For the disclosure required by regulation 23.701 the Commission is also adjusting its estimate of the per disclosure burden, for a number of reasons. First, the final regulation requires that the disclosure (a) identify one or more custodians for segregated initial margin acceptable to the SD or MSP, at least one of which must be legally independent of the parties to the transactions and (b) provide information on the price of segregation for each identified custodian to the extent that the SD or MSP has such information. As a result of these changes, it is expected that part of the disclosure required by the regulation will be standardized, with accompanying efficiencies in drafting and making disclosure, but that part of the disclosure may be specific to particular transactions. Second, as noted above, commenters suggested that the burden estimate in the NPRM was insufficient to cover all of the tasks necessary to make the required disclosure.

In the NPRM, the Commission estimated that disclosure required by regulation 23.701 would require 0.3 hours of work per disclosure, which could be performed by staff with a salary level of approximately $20 per hour. The Commission has adjusted this time estimate to 2 hours per disclosure based on the considerations discussed immediately above.
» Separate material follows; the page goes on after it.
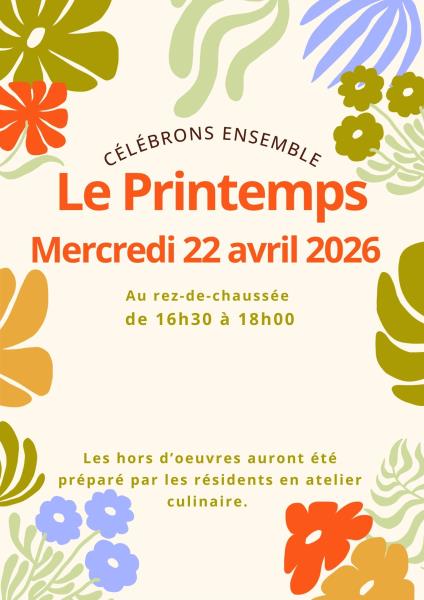 La Résidence Les Jardins du Mont Blanc organise le mercredi 22 avril 2026 un cocktail chaleureux et convivial pour célébrer le Printemps !

The Commission further estimates that the average dollar cost of the disclosure per hour will be $50, giving a cost of $100 for 2 hours of work.17 In addition, for purposes of the NPRM, the Commission estimated that each SD and MSP would make the disclosure once per year to an average of between 433 and 666 counterparties.18 The Commission is adjusting the estimate of number of disclosures per SD or MSP per year based on the reduction, noted above, in the estimate of the total number of SDs and MSPs from about 300 to about 125. Assuming a roughly similar total number of counterparties will be doing business with SDs and MSPs, this implies that the number of counterparties doing business with each individual SD or MSP in a year will probably be higher on average than was estimated at the time of the NPRM. To account for this likely effect, the Commission now estimates that each SD and MSP will, on average, make the disclosure to approximately 1300 counterparties each year. As at the time of the NPRM, the Commission expects that the number of counterparties per SD or MSP per year is likely to be considerably higher than this average figure for the largest SDs and MSPs, and smaller than this average figure for some other SDs and MSPs. Given the absence of experience with this newly promulgated rule, these estimates are subject to an inherent degree of uncertainty.

The Commission, in the NPRM, estimated that regulation 23.701 would require a total of approximately 130,000-200,000 disclosures per year, generating an estimated total annual information collection burden of approximately 40,000-60,000 hours and $800,000-$1,200,000. Based on the adjustments described above the Commission estimates that regulation 23.701 will require a total of approximately 162,500 disclosures per year, generating an estimated total annual information collection burden of approximately 325,000 hours and cost of $16,250,000.


Section 23.704


The Commission, in the NPRM, estimated that regulation 23.704 would require a total of approximately 260,000-400,000 disclosures per year, generating an estimated total annual information collection burden of approximately 80,000-120,000 hours and $2,400,000-$3,500,000.19 The Commission is adjusting this estimate based on the reduced estimate of the number of affected SDs and MSPs from 300 to 125, and the increased estimate of 1300 counterparties per SD or MSP. In the absence of more specific information, the Commission continues to assume for purposes of this calculation that half of counterparties will elect not to segregate, and will receive the required quarterly disclosure. This means that, on average, each SD or MSP will make the disclosure to 650 of its counterparties (1/2 of 1300) four times per year, for a total of 2600 disclosures per year.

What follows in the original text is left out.